Minnesota Attorney General Keith Ellison will personally open his state’s case against Juul Labs on Tuesday, the first of thousands of cases against the e-cigarette maker to reach trial.

Minnesota is seeking more than $100 million in damages, Ellison said, accusing Washington, D.C.-based Juul of unlawfully targeting young people to get a new generation addicted to nicotine. The court seated an eight-woman, four man jury Tuesday morning. Opening statements were expected to finish in the afternoon.

Juul has faced thousands of lawsuits nationwide but most have settled, including 39 with other states and U.S. territories. Not Minnesota, which won a landmark $7.1 billion settlement with the tobacco industry in 1998. Minnesota added tobacco industry giant Altria, which formerly owned a minority stake in Juul, as a co-defendant in 2020.

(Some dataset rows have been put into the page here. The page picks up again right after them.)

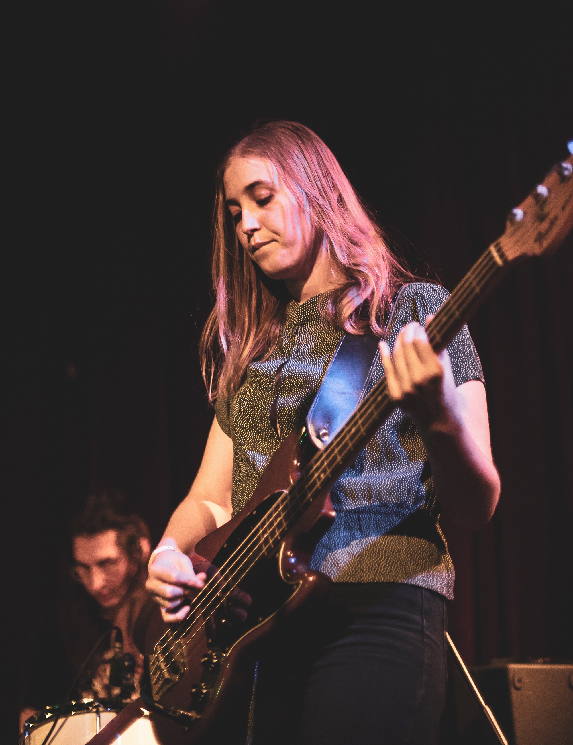 Hatchie (Harriette Pilbeam) performing live at the Bootleg Theater in Los Angeles, California, on Saturday, September 22, 2018. Shot for Pass The Aux.
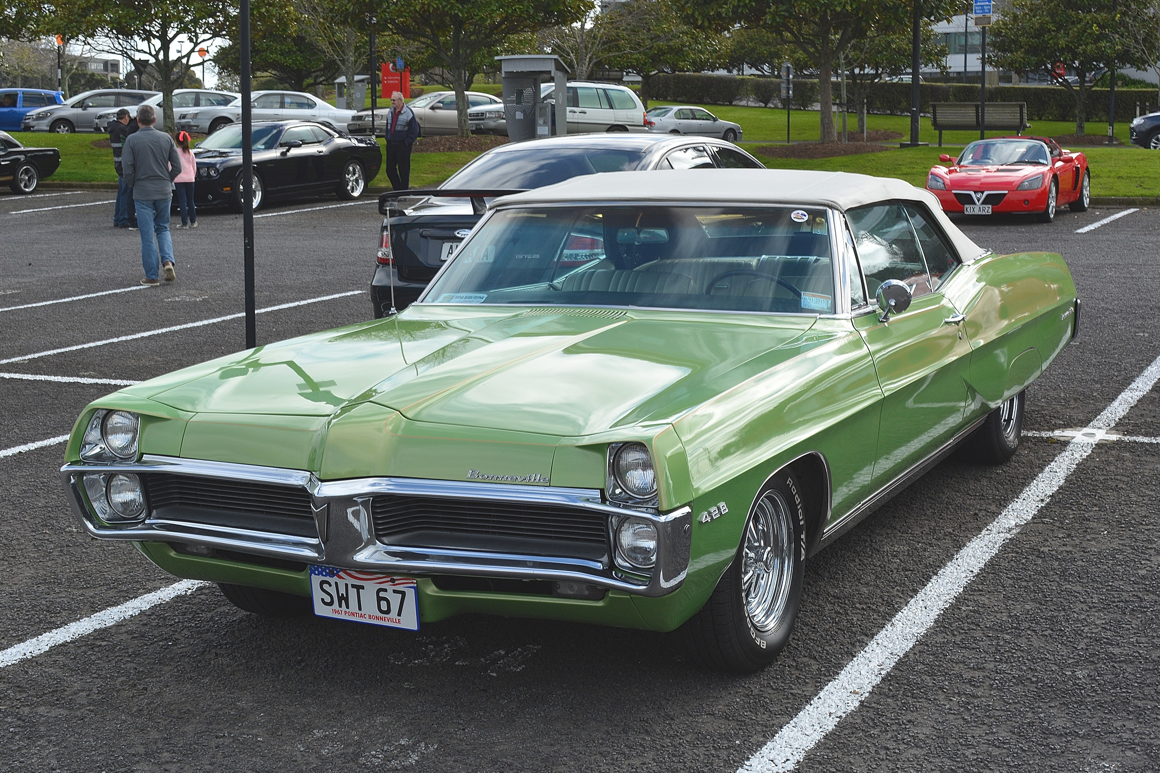 Smales Farm,Northcote.Auckland.New Zealand
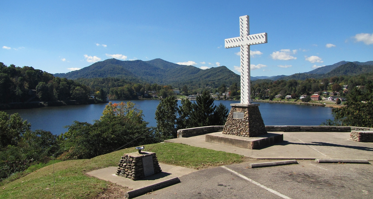 Lake Junaluska near Waynesville, NC

Altria completed its divestiture this month and says it effectively lost its $12.8 billion investment. But it didn’t abandon e-cigarettes: Just a few days later, Altria announced a $2.75 billion investment in Juul’s rival, the vaping company NJOY.

“We will prove how Juul and Altria deceived and hooked a generation of Minnesota youth on their products, causing both great harm to the public and great expense to the State to remediate that harm,” Ellison said in a statement. He plans to hand the case over to attorneys for two outside law firms after delivering part of the opening statements.

The jury trial before Hennepin County District Judge Laurie Miller is expected to last about three weeks. The trial over the lawsuit by the state and Blue Cross and Blue Shield of Minnesota lasted nearly four months before big tobacco companies settled, just ahead of closing arguments.

That case forced the release of millions of pages of previously secret industry documents that expanded America’s understanding of how the tobacco industry tried to conceal the addictive nature of its products. Part of the $7.1 billion supported anti-smoking programs, but Juul and Altria have noted in court that lawmakers spent much of it to fund state government.

The 2019 lawsuit against Juul alleges consumer fraud, creating a public nuisance, unjust enrichment and a conspiracy with Altria that “preyed upon and enticed Minnesota’s children, through deceptive and illegal tactics, to buy a product that may sentence them to a lifetime of nicotine addiction and other destructive behaviors.”

The state’s brief said Juul’s marketing was designed to ensnare children by attracting “cool kids” and using social media and celebrities to act as “pushers” of its addictive products. “Defendants claim their conduct was in the name of helping ‘aging smokers’ to stop smoking. That claim is false; it is a smoke screen,” it said.

Juul said Minnesota’s insistence on going to trial has deprived its citizens of some of the nearly $440 million in settlement money other states are using to reduce tobacco use.

“Effective interventions to address underage use of all tobacco products in Minnesota, including vapor, depends not on headline-driven trials, but on evidence-based policies, programs, and enforcement,” Juul’s statement said.

Richmond, Virginia-based Altria Group — which makes Marlboro cigarettes and other tobacco products and was formerly known as Phillip Morris Cos. — said it bought a 35% stake in Juul Labs in 2018 only after Juul assured Altria “and announced to the world” that it had made meaningful changes to its marketing.

Juul Labs launched in 2015 on the popularity of flavors like mango, mint and creme brulee. Teenagers fueled its rise, and some became hooked on Juul’s high-nicotine pods. Amid a backlash, Juul dropped all U.S. advertising and discontinued most of its flavors in 2019, losing popularity with teens. Juul’s share of the now multibillion-dollar market has fallen to about 33% from a high of 75%.

Juul is now appealing the Food and Drug Administration’s rejection of its application to keep selling its vaping products as a smoking alternative for adults. Juul is still being sued by New York, California, Massachusetts, New Mexico, Alaska, Illinois, West Virginia and the District of Columbia.